[Records from a dataset]

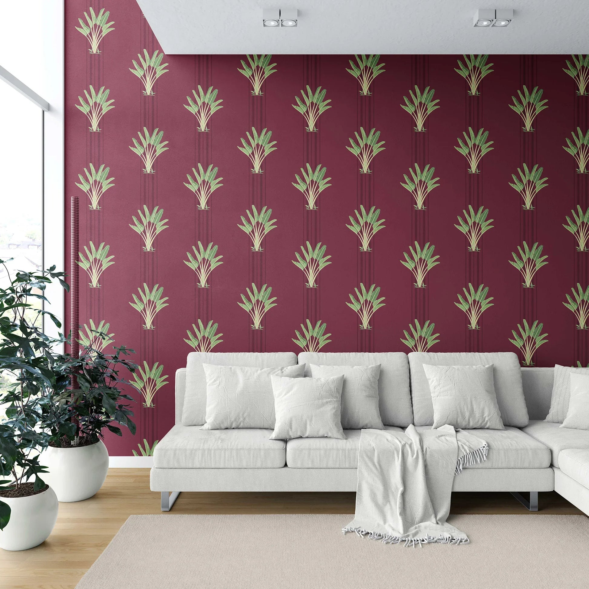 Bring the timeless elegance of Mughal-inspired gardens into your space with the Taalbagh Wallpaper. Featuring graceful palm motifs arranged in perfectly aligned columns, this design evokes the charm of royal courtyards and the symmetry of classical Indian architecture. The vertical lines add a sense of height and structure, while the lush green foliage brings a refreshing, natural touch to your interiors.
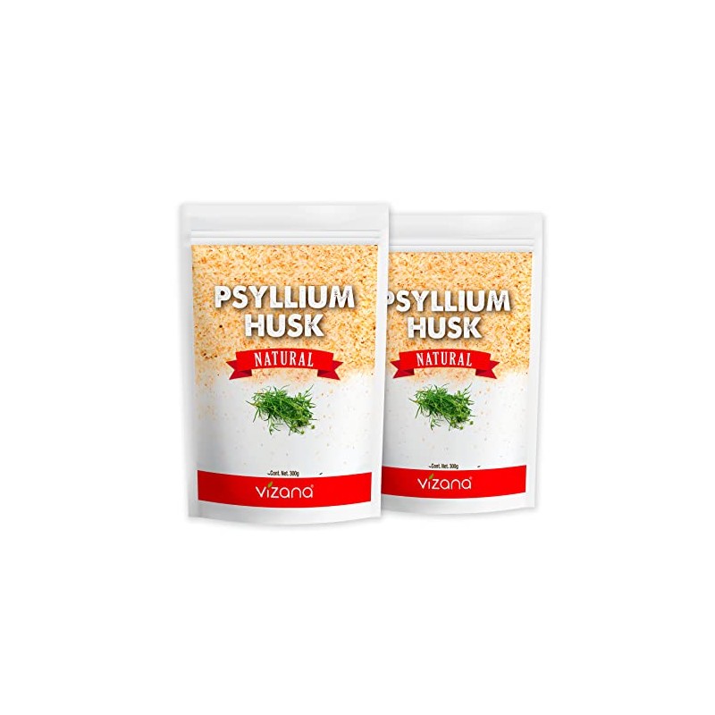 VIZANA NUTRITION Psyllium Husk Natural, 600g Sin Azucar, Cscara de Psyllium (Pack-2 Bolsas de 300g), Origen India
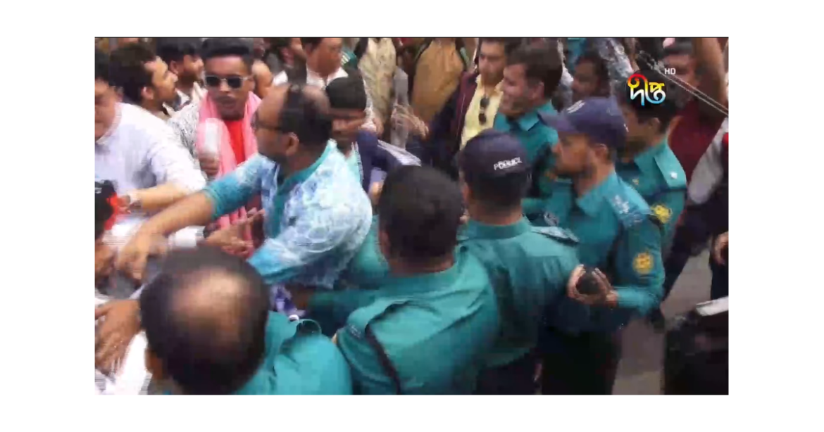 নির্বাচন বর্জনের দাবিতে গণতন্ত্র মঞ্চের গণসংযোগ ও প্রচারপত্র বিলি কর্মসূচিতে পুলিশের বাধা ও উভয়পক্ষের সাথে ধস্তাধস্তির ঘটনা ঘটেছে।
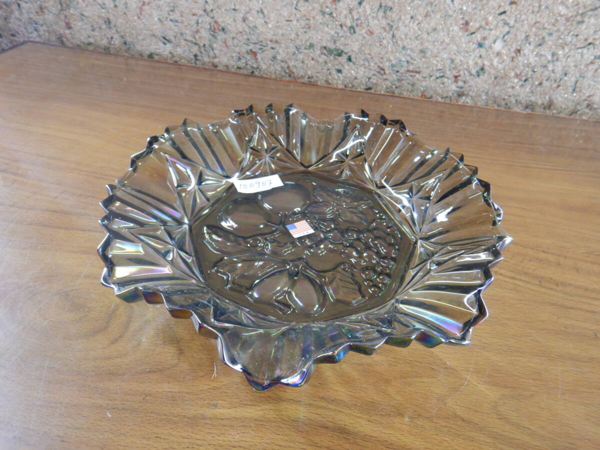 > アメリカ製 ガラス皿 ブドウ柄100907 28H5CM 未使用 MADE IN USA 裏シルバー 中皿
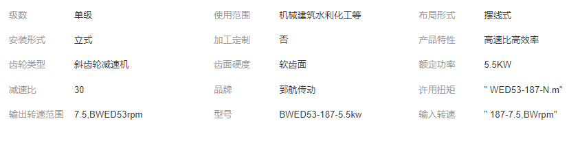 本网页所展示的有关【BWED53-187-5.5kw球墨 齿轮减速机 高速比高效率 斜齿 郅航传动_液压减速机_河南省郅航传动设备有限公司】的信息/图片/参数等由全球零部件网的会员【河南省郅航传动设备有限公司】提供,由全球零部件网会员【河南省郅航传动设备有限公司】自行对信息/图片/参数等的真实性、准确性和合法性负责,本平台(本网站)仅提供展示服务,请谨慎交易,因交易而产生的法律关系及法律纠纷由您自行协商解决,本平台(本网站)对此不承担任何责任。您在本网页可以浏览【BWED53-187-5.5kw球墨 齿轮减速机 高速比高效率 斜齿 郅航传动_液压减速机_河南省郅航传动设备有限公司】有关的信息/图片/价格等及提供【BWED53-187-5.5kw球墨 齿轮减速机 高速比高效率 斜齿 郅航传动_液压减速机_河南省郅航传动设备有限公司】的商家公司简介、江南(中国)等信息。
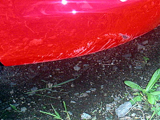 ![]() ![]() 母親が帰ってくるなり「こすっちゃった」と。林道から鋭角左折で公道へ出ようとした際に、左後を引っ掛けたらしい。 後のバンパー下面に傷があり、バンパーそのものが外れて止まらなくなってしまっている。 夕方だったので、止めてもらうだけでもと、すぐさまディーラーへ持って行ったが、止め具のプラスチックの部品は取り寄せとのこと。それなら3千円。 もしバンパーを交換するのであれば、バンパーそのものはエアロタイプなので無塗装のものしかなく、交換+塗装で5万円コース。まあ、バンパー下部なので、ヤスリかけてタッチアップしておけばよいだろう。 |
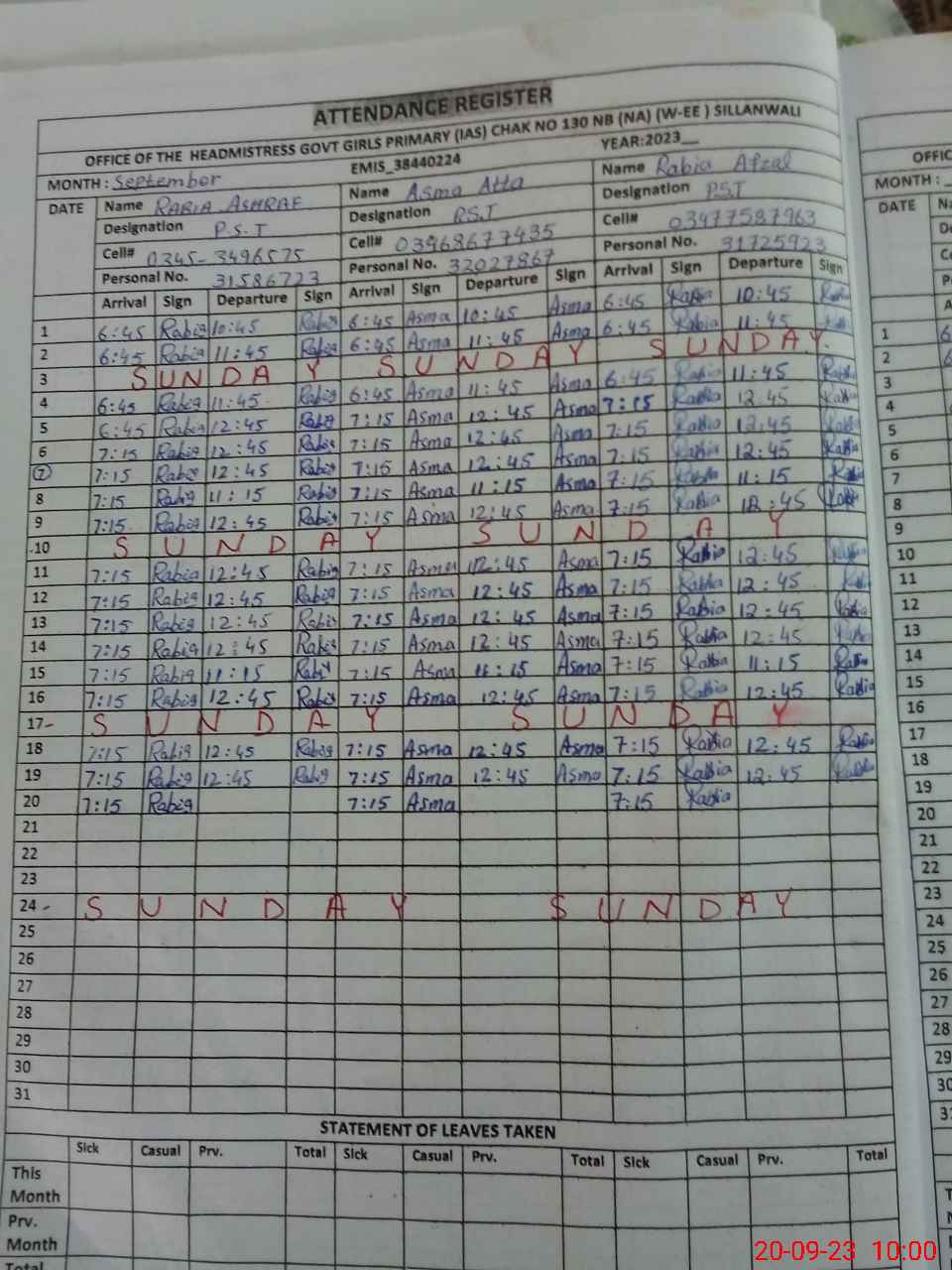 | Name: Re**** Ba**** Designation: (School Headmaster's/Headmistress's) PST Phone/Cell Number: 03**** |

◆ What to produce
From the first line to the last, reproduce the records above exactly and skip the pictures.

◆ Response to this exercise
 Bring the timeless elegance of Mughal-inspired gardens into your space with the Taalbagh Wallpaper. Featuring graceful palm motifs arranged in perfectly aligned columns, this design evokes the charm of royal courtyards and the symmetry of classical Indian architecture. The vertical lines add a sense of height and structure, while the lush green foliage brings a refreshing, natural touch to your interiors.
 VIZANA NUTRITION Psyllium Husk Natural, 600g Sin Azucar, Cscara de Psyllium (Pack-2 Bolsas de 300g), Origen India
 নির্বাচন বর্জনের দাবিতে গণতন্ত্র মঞ্চের গণসংযোগ ও প্রচারপত্র বিলি কর্মসূচিতে পুলিশের বাধা ও উভয়পক্ষের সাথে ধস্তাধস্তির ঘটনা ঘটেছে।
 > アメリカ製 ガラス皿 ブドウ柄100907 28H5CM 未使用 MADE IN USA 裏シルバー 中皿
 本网页所展示的有关【BWED53-187-5.5kw球墨 齿轮减速机 高速比高效率 斜齿 郅航传动_液压减速机_河南省郅航传动设备有限公司】的信息/图片/参数等由全球零部件网的会员【河南省郅航传动设备有限公司】提供,由全球零部件网会员【河南省郅航传动设备有限公司】自行对信息/图片/参数等的真实性、准确性和合法性负责,本平台(本网站)仅提供展示服务,请谨慎交易,因交易而产生的法律关系及法律纠纷由您自行协商解决,本平台(本网站)对此不承担任何责任。您在本网页可以浏览【BWED53-187-5.5kw球墨 齿轮减速机 高速比高效率 斜齿 郅航传动_液压减速机_河南省郅航传动设备有限公司】有关的信息/图片/价格等及提供【BWED53-187-5.5kw球墨 齿轮减速机 高速比高效率 斜齿 郅航传动_液压减速机_河南省郅航传动设备有限公司】的商家公司简介、江南(中国)等信息。
 ![]() ![]() 母親が帰ってくるなり「こすっちゃった」と。林道から鋭角左折で公道へ出ようとした際に、左後を引っ掛けたらしい。 後のバンパー下面に傷があり、バンパーそのものが外れて止まらなくなってしまっている。 夕方だったので、止めてもらうだけでもと、すぐさまディーラーへ持って行ったが、止め具のプラスチックの部品は取り寄せとのこと。それなら3千円。 もしバンパーを交換するのであれば、バンパーそのものはエアロタイプなので無塗装のものしかなく、交換+塗装で5万円コース。まあ、バンパー下部なので、ヤスリかけてタッチアップしておけばよいだろう。 |
 | Name: Re**** Ba**** Designation: (School Headmaster's/Headmistress's) PST Phone/Cell Number: 03**** |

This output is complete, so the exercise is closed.